Pictures do not belong in the output. Reproduce exactly the lines from the start of the records through the line with "QB Mitchell Trubisky".

▶ Stored data
──────────

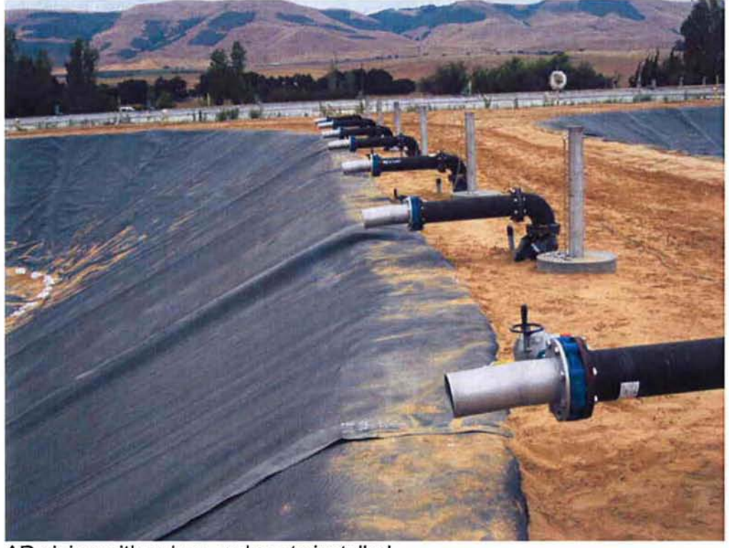
AR piping with valves and posts installed.
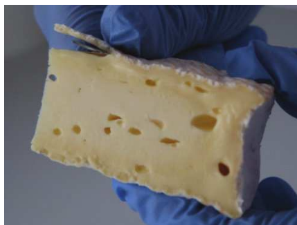
Figure B.2 — Preparation of the test sample of a soft cheese
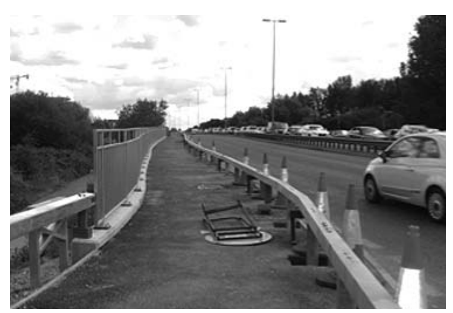
Map showing the missing cycle link and and view of the works on the A33 bridge
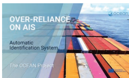
Some of the videos released by the OCEAN project this year
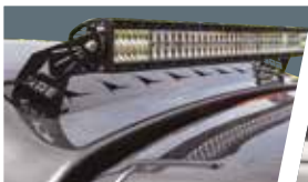
OPTIONAL RIVAL™ LED LIGHT BAR (REPLACES FRONT VISTA GLASS)
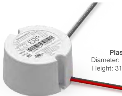
Plastic Case Diameter: 58 mm (2.28 in) Height: 31.7 mm (1.25 in)
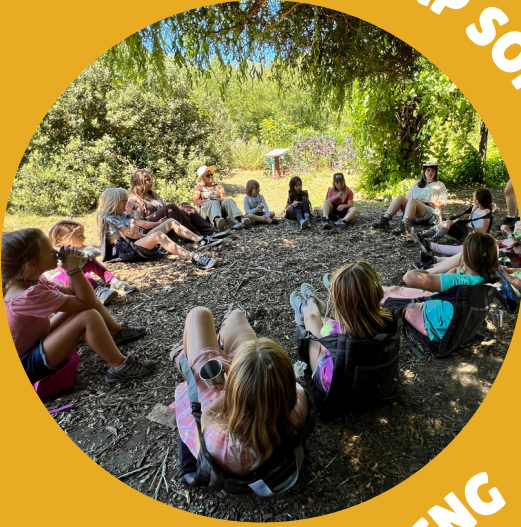
CAMP SONGS & GAMES
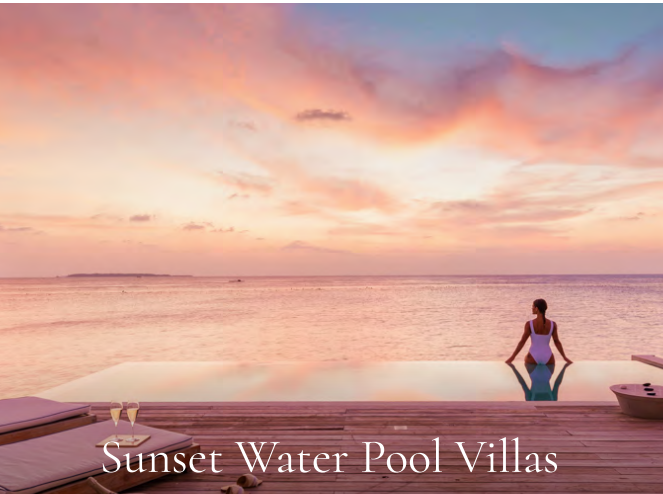
Sunset Water Pool Villas

10 villas | 1 bedroom | 220sqm | Pool 7.2 x 2m | Max. Occupancy 2A/1C or 3A
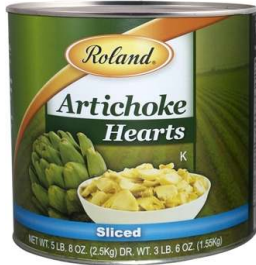
#40506 Artichoke Hearts, Sliced (6/3 kg.)

Ask us about potential Quartered Artichoke Heart alternatives.
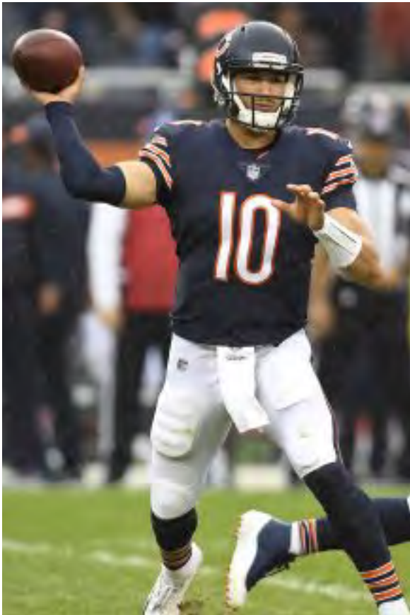
QB Mitchell Trubisky has totaled 770 yards of total offense over the past two games: 670 passing yards (9 TDs, 1 INT) and 100 yards rushing on 11 carries.

limited Tampa Bay's top-ranked offense to just 311 net yards and 10 points.
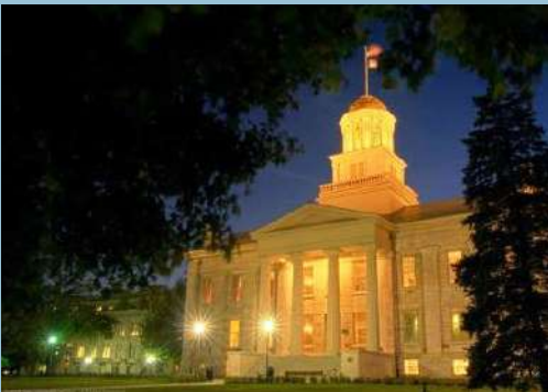
University of Iowa

Over the past three years, one-third of eligible applicants were awarded Hagan Scholarships. Each finalist interviewed and not awarded a scholarship received $1,000.
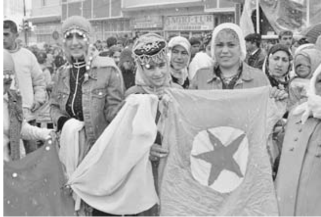
Right: Kurds, including a woman holding the PKK flag, crowd the center of Dogubayazit, in southeastern Turkey, to celebrate the Kurdish new year, March 2005.
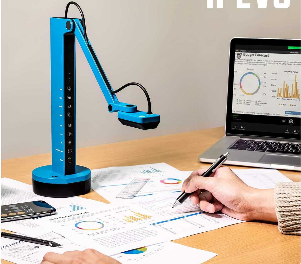
Image: The IPEVO VZ-X Document Camera is positioned on a desk, projecting a book's content onto a large display screen, demonstrating its use in a presentation or teaching environment.
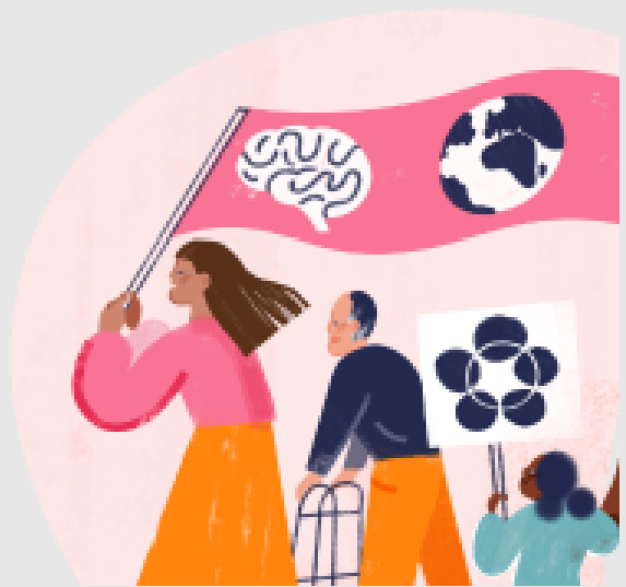
Image description: An official image for Global MS Awareness Day shows 3 people and a child marking the day.
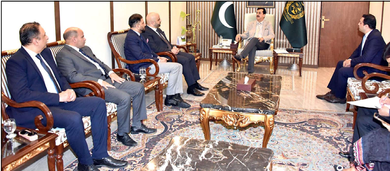
ISLAMABAD: A delegation from the Libyan Sovereign Fund calling on Chairman Senate, Syed Yousaf Raza Gilani at Parliament House in the federal capital.

──────────

▶ Solution for this task
AR piping with valves and posts installed.
Figure B.2 — Preparation of the test sample of a soft cheese
Map showing the missing cycle link and and view of the works on the A33 bridge
Some of the videos released by the OCEAN project this year
OPTIONAL RIVAL™ LED LIGHT BAR (REPLACES FRONT VISTA GLASS)
Plastic Case Diameter: 58 mm (2.28 in) Height: 31.7 mm (1.25 in)
CAMP SONGS & GAMES
Sunset Water Pool Villas

10 villas | 1 bedroom | 220sqm | Pool 7.2 x 2m | Max. Occupancy 2A/1C or 3A
#40506 Artichoke Hearts, Sliced (6/3 kg.)

Ask us about potential Quartered Artichoke Heart alternatives.
QB Mitchell Trubisky has totaled 770 yards of total offense over the past two games: 670 passing yards (9 TDs, 1 INT) and 100 yards rushing on 11 carries.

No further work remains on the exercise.